Where f=n-k- 1 - number of degrees of freedom (table value), n- number of observations, k X".

5) If , then deviates, i.e. significant coefficient.

If , then is accepted, i.e. coefficient is insignificant.

5. To check the correctness of the constructed regression equation, the Fisher criterion is used.

Scheme for checking the significance of the regression equation:

1) H 0: the regression equation is not significant.

H 1: the regression equation is significant.

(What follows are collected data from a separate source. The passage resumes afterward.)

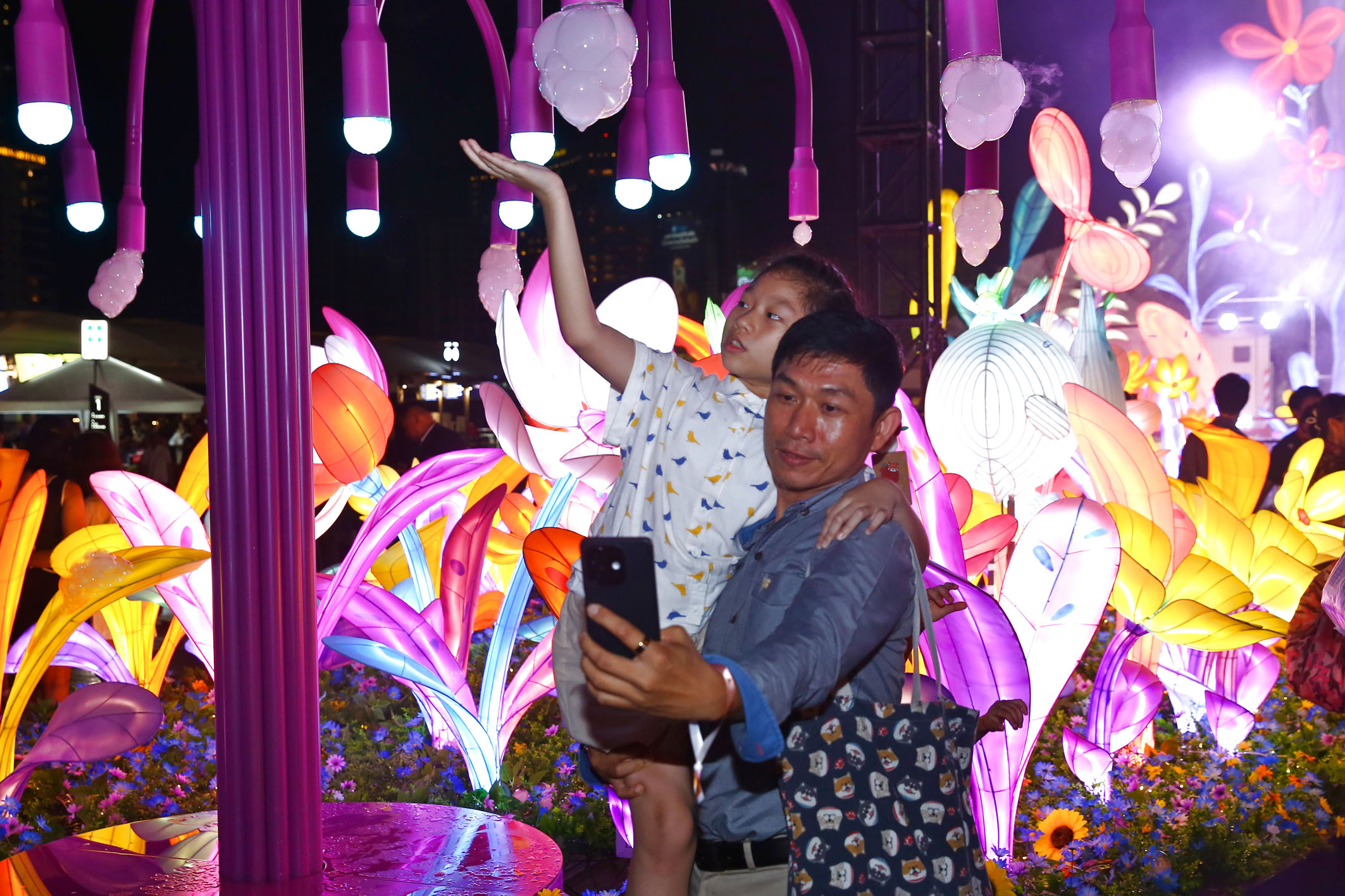 近日,在泰国曼谷商业地标暹罗天地,游客在灯会上拍照。
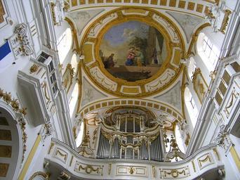 | Keywords: Elchingen Decke und Orgel.jpeg Klosterkirche Oberelchingen Deckenfresko von Januarius Zick und die Orgel The monastery church of Oberelchingen Ceiling fresco painted by Januarius Zick and the organ Photo taken by Effi Schweizer Date 2006-04-18 2006-04-18 own assumed Lily Klosterkirche Elchingen Baroque church ceilings in Swabia administrative region |
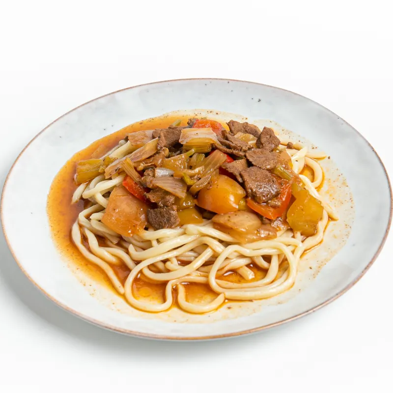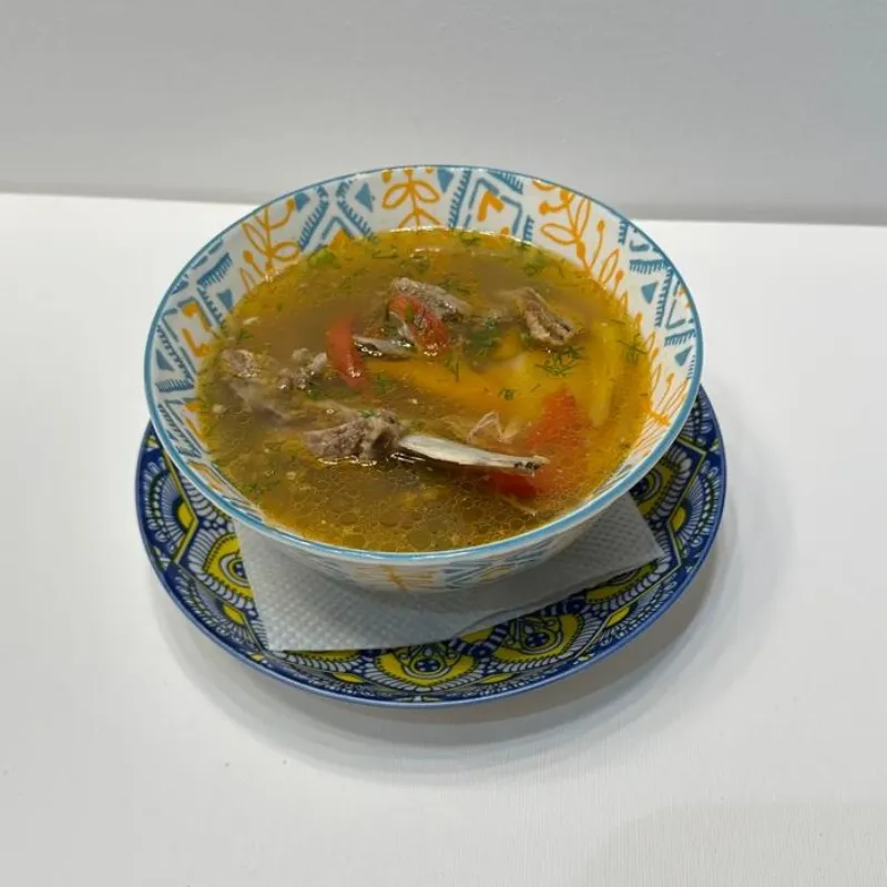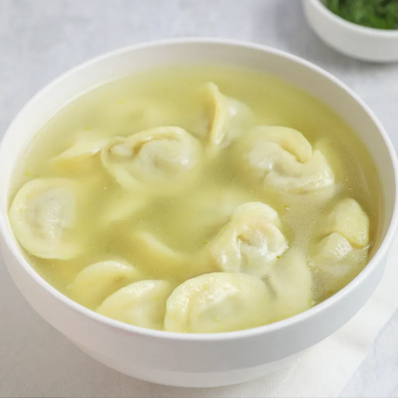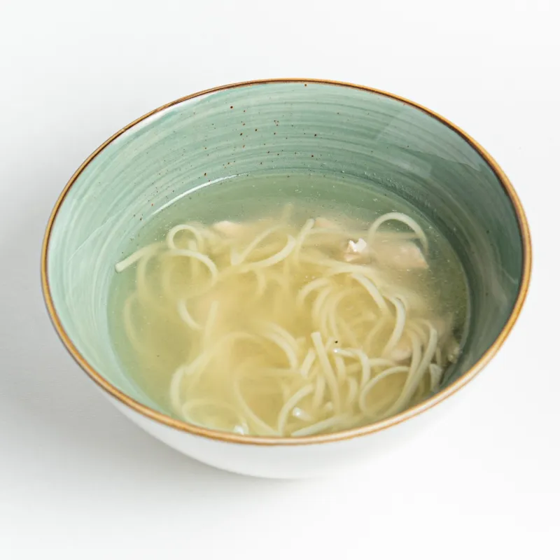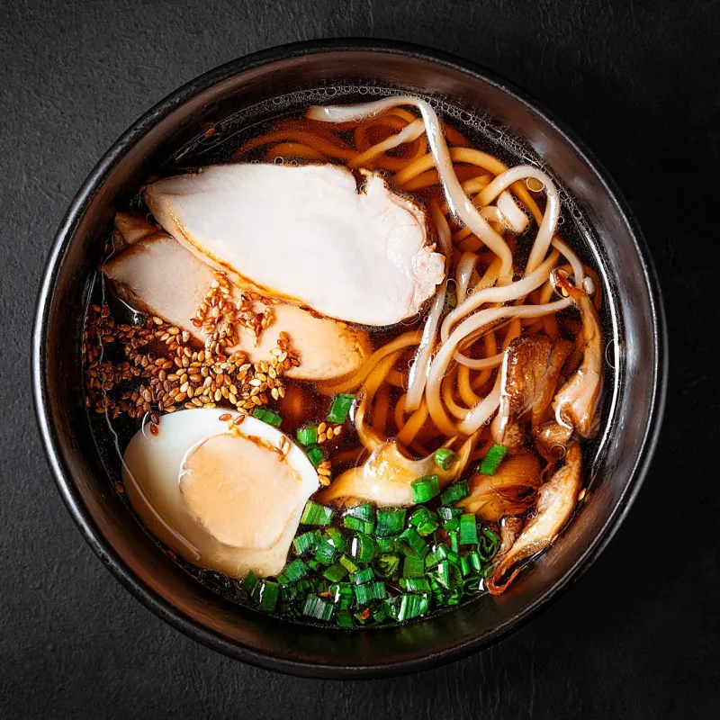 Насыщенный азиатский суп с корейской лапшой, телятиной, яйцом, зеленью, черри и водорослями

2) R=0.05 – significance level.

3) , (6.8)

where is the number of observations; k- the number of parameters in the equation with variables " X"; at- the actual value of the effective feature; y x- the theoretical value of the effective feature; - coefficient of pair correlation.

4) F table(R; f 1 ; f2),

Where f 1 \u003d k, f 2 \u003d n-k-1- number of degrees of freedom (table values).

5) If F calc >F table, then the regression equation is chosen correctly and can be applied in practice.

If F calc , then the regression equation is chosen incorrectly.

6. The main indicator reflecting the measure of the quality of regression analysis is coefficient of determination (R 2).

Determination coefficient shows what proportion of the dependent variable " at» is taken into account in the analysis and is caused by the influence of the factors included in the analysis.

Determination coefficient (R2) takes values ​​in the range . The regression equation is qualitative if R2 ≥0,8.

The determination coefficient is equal to the square of the correlation coefficient, i.e.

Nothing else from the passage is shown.